The sad humbling of a great police force
WHAT a humiliation for the most renowned policing organisation in the world.
The Metropolitan Police, home to Scotland Yard and the benchmark by which all other forces were once measured, has collapsed into special measures.
Citing a string of scandals and chronic mismanagement, Her Majesty’s Inspectorate of Constabulary has effectively declared it a failing force.
Met officers now face the indignity of being closely monitored by inspectors scrutinising their every move. It’s like Ofsted stepping in to rescue a defective school.
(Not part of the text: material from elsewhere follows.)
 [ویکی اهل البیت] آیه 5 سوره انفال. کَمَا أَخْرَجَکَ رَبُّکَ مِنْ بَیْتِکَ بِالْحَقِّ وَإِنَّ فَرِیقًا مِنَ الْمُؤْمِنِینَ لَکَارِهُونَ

The litany of failures makes painful reading. The cruel hounding of elderly public servants over the grotesque VIP paedophile hoax. Sarah Everard murdered by a serving officer known to colleagues as ‘the rapist’. Rampant racism and sexism at Charing Cross police station. Officers sharing vile jokes and pictures of dead women. Botched murder inquiries.
This was not something that happened overnight. It was a culture of skewed priorities, unacceptable behaviour and managerial incompetence which grew like a virus over the years.
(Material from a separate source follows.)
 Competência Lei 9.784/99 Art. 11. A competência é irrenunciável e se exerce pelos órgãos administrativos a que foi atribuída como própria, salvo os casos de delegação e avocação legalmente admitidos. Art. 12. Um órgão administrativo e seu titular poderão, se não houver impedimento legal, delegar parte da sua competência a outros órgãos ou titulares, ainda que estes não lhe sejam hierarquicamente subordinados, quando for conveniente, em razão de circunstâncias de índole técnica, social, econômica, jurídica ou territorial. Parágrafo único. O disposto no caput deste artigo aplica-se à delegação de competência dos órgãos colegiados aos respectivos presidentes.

Its origins predated hapless excommissioner Cressida Dick. But on her watch, the infection spread out of control.
So the most damning question for Boris Johnson, London mayor Sadiq Khan and successive home secretaries is, why on earth didn’t they remove her sooner?
That she became commissioner at all, after leading the catastrophic operation which culminated in the fatal police shooting of innocent Brazilian electrician Jean Charles de Menezes, is shocking.
That she served five scandal-ridden years and was at one stage going to have her contract extended simply beggars belief.
This vertiginous fall from grace must be a watershed. Lessons have to be learned.
The new Chief Inspector of Constabulary, Andy Cooke, is making the right noises. He wants to stop the drift of the police service towards wokery and posturing and drag chief constables back to the first principles – the prevention and detection of real crime. Not spurious internet thought crimes but burglary, fraud and street robbery.
There are thousands of dedicated officers in the Met, working tirelessly to keep us safe. With the right leadership, the force can again be the envy of the world.